Gray-wall or blotchy ripening

This disorder appears as gray or brown blotchy areas in the fruit wall tissue, beginning when the fruit is green. It can occur on more than half of the fruit of a particular field. Cross-sections of fruit show blackened tissue. This causes the external fruit color to look somewhat gray. When the fruit ripens, the area remains firm and turns from green to yellow, rather than red. Fruit thus ripens unevenly. The affected area appears woody when cut. White wall tissue has been considered to be an early stage of gray wall, but may also be related to other disorders (see "internal white tissue" section below). A definite cause for gray wall has not been defined but a number of factors play a role in predisposing fruit to gray wall, these are listed in their considered lessening degree of importance:

  1. Low light or prolonged cloudy periods.
  2. Excess nitrogen causing excessive plant vigor.
  3. High soil moisture from excess rain or irrigation.
  4. Potassium deficiency.
  5. Soil compaction.
  6. Temperature fluctuations, particularly unusually cool nights and warm days.

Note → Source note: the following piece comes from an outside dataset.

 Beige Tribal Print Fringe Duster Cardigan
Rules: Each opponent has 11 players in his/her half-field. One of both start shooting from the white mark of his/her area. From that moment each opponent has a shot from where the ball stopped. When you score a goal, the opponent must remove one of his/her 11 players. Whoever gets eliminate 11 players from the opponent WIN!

Tobacco mosaic virus is also reported to be involved in gray wall. In those cases the disorder is also called internal browning. That tobacco mosaic virus is involved in a disorder called internal browning is not in dispute. What is in dispute is whether the two disorders are the same or separate. In a few other cases certain bacteria and fungi are thought to also be implicated. Another confusion is that gray wall is also sometimes called blotchy ripening!

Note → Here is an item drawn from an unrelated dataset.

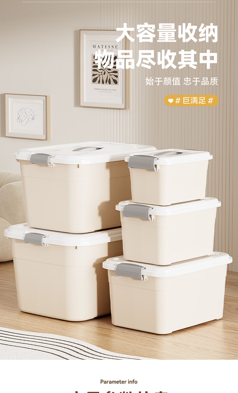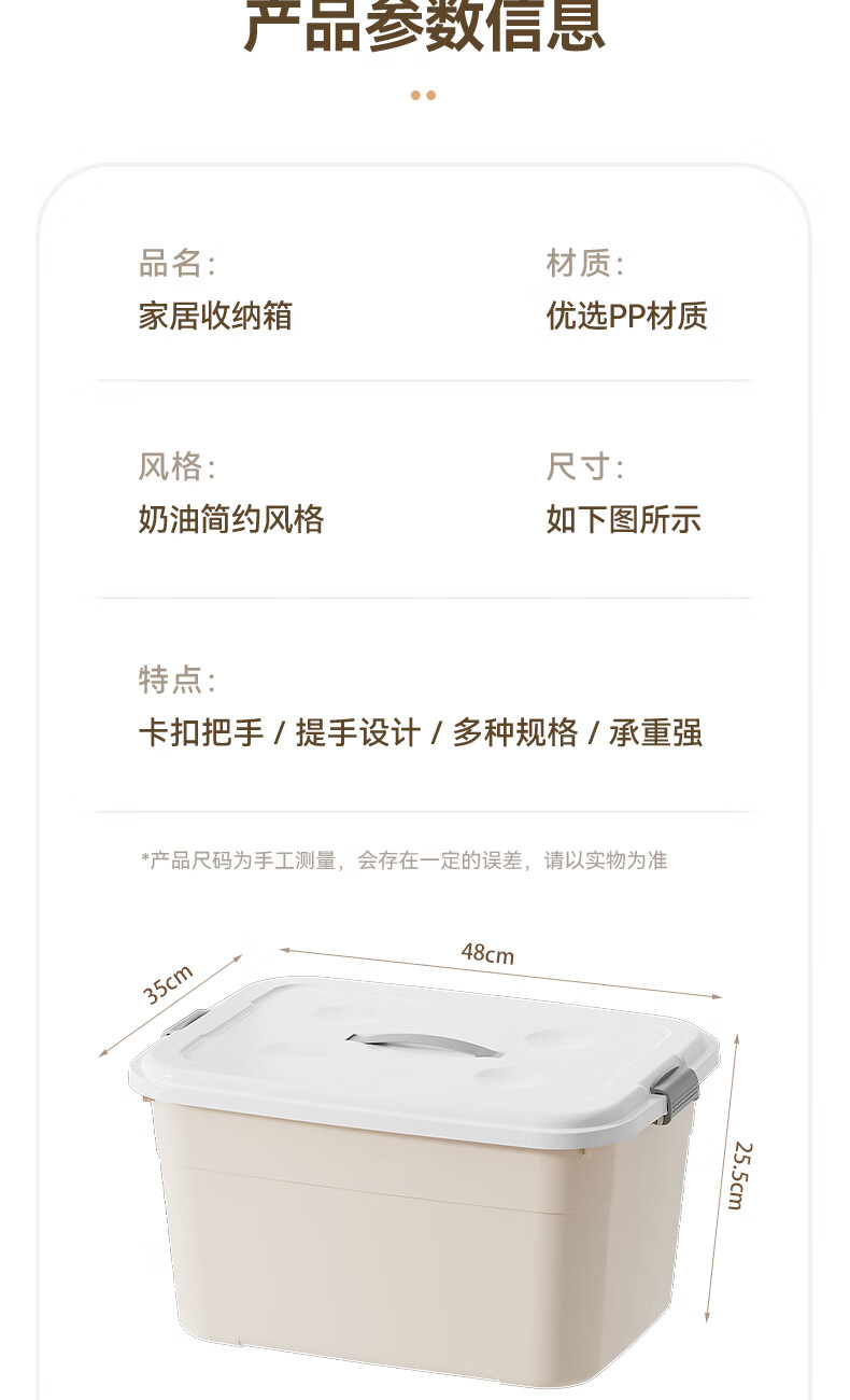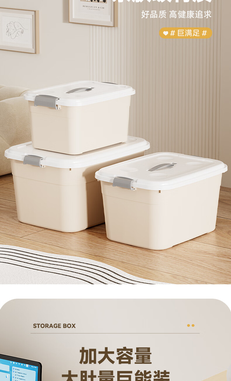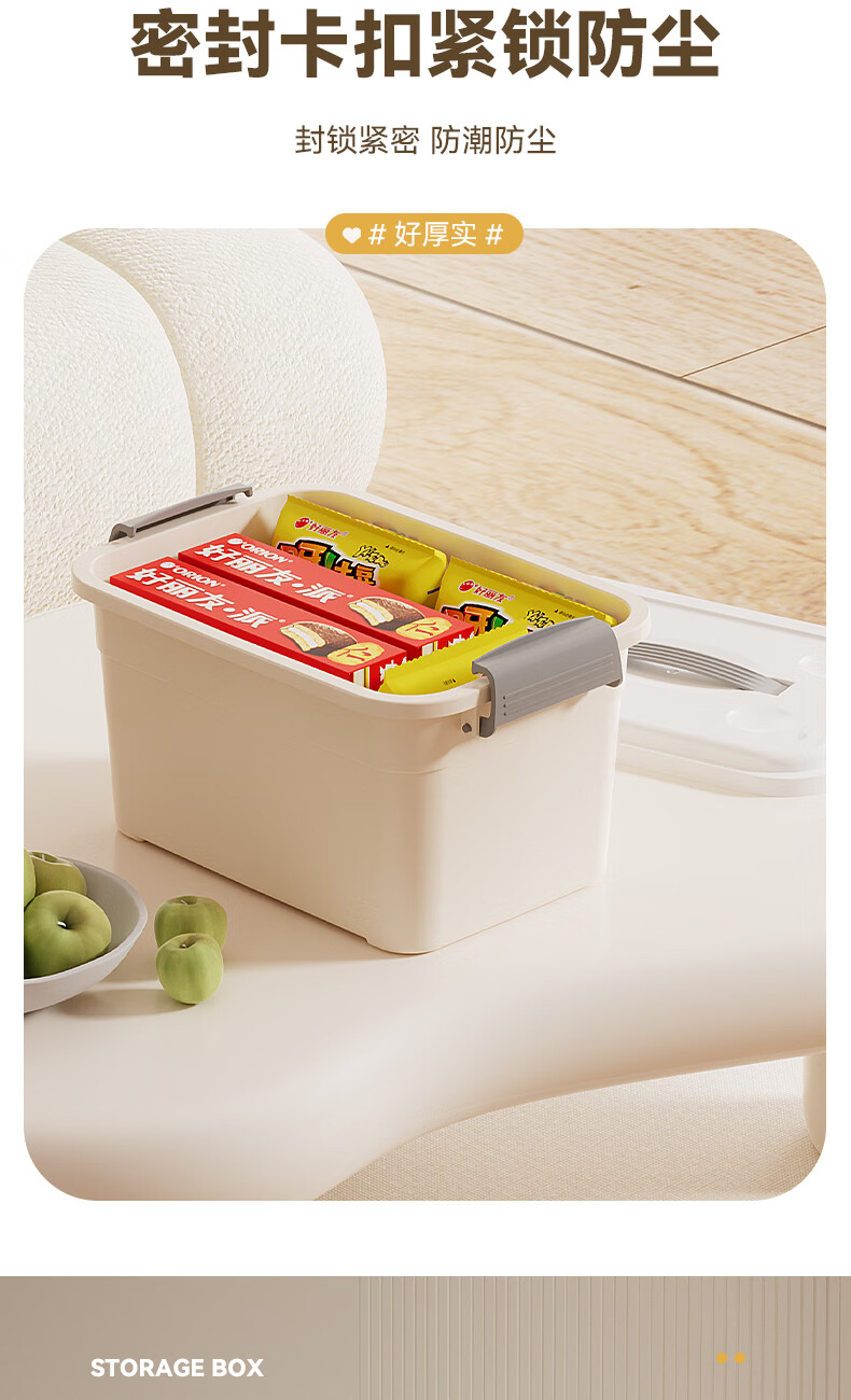 京东物流 桌面长方形收纳筐厨房杂物家用收纳盒塑料玩具零食整理 奶油色特大号 34*24*12.5cm

Information from Florida indicates that the varieties Merced and Floridade may have tolerance to the conditions that predispose tomatoes to gray wall

Internal white tissue

The expression of white tissue varies widely, and is considered dependent on cultivar and environmental conditions. It is sometimes attributed to gray wall. Potassium deficiency and high temperatures are believed to aggravate the problem.

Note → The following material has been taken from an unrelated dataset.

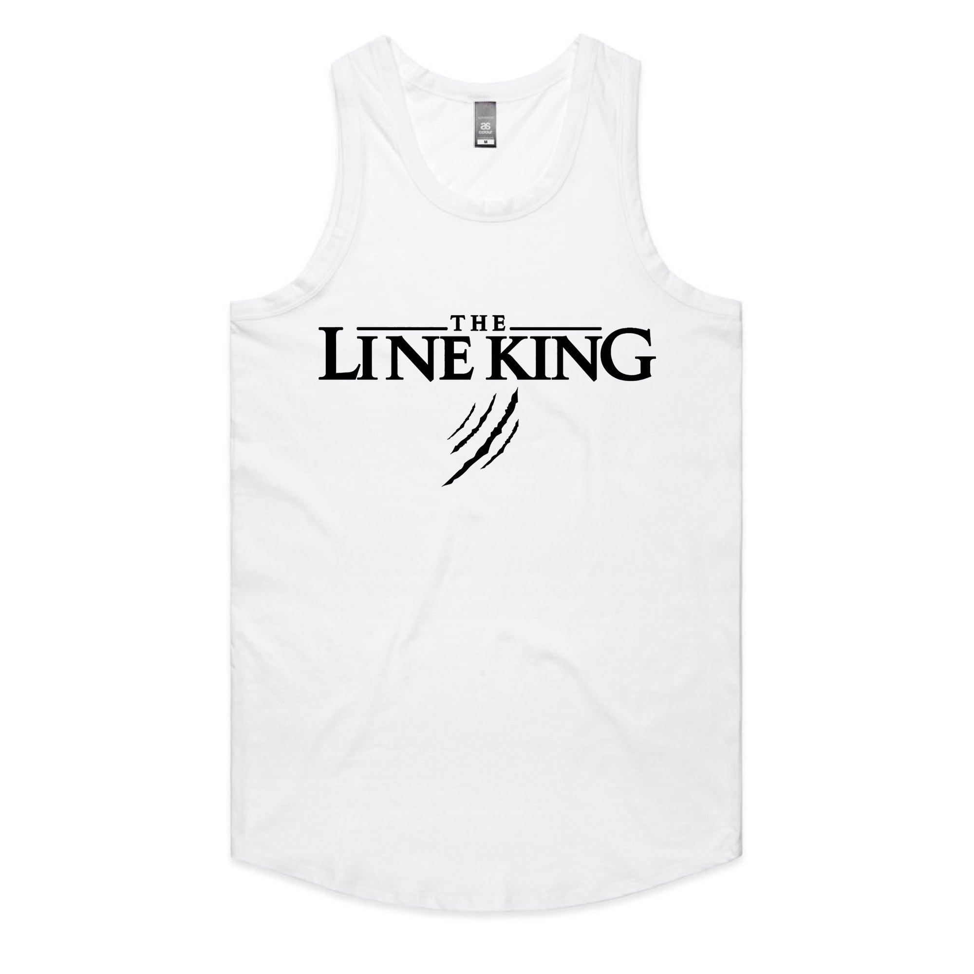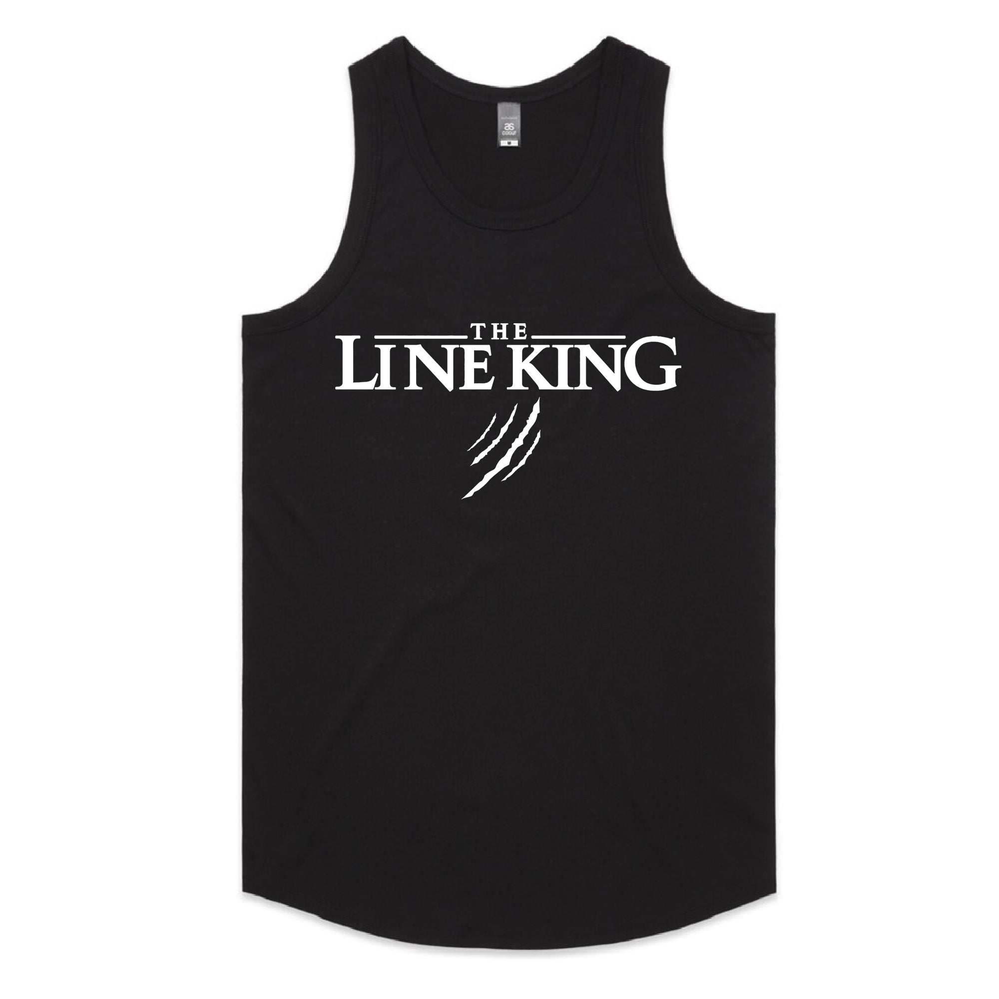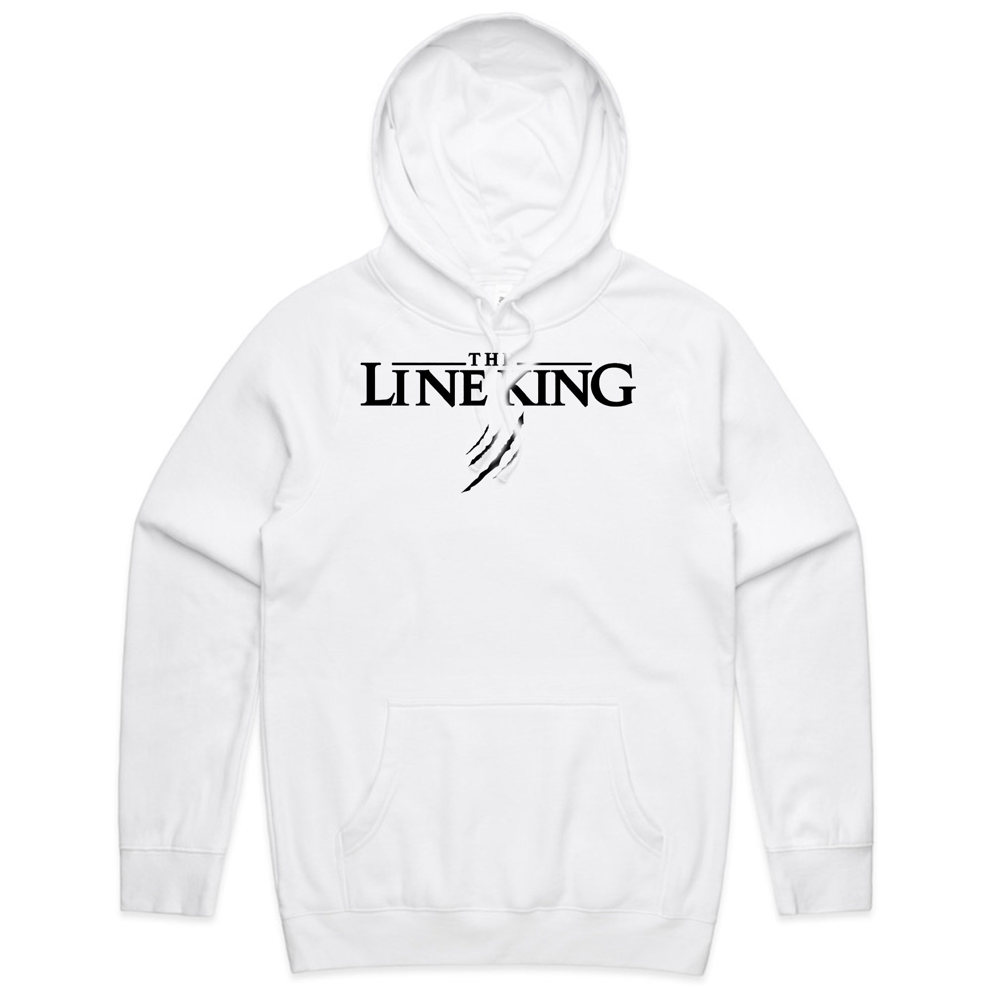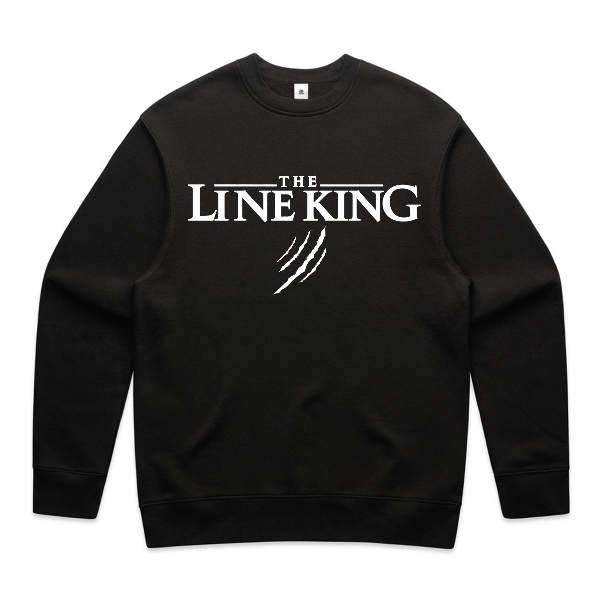A simple yet striking design parodying a famous movie logo, with the words “The Line King” and claw mark graphics below. The minimal white-on-black print gives it a sleek, iconic look.

Solar yellowing (also called yellow shoulder, yellow top and persistent green shoulder)

This problem occurs most commonly on fruit ripening in late May and June when days are longest, sunlight is most intense, and temperatures exceed 85 F. Under such conditions, lycopene (the red pigment in tomato) fails to develop normally in some varieties, leaving only the carotene (yellow) pigment to show at the shoulder or, with green-shoulder type tomatoes, where the dark green portion was. Even with temperatures under 85 F the surface temperature of exposed fruit, especially those with dark green shoulders can become high enough to inhibit normal red color development. In other parts of the day or night, when temperatures do not exceed 85 F some red color may develop, resulting in an orange rather than a yellow abnormality. To reduce this problem, choose uniform-ripening varieties and protect fruit surfaces from short-wave solar radiation by choosing varieties having good fruit cover or, by the use of non-phytotoxic white wash applied when fruit are at the mature-green stage. The white wash will have to be removed before the fruit is marketed.

Sunscald

Mature green and tomatoes just turning red are most susceptible. Fruit develops white necrotic tissue surrounded by a yellow halo. The area may be sunken and wrinkled. Damage is confined mainly to the upper portion of the fruit, and is seen where fruit that has been covered by leaves is suddenly exposed to light. The area can later be covered by a black fungus when the rest of the fruit turns red.

Roughness and scars

Varieties differ in susceptibility. associated with large fruit. Particularly severe when young plants are exposed to cool temperatures, and night temperatures below 50 F when flower clusters are differentiating.

Fruit Cracks

Varieties differ in susceptibility. Promoted by fluctuations in soil moisture and temperature. Often seen when varieties developed for hot, arid climates are subjected to humid, wet conditions. Cracks may be radial or concentric.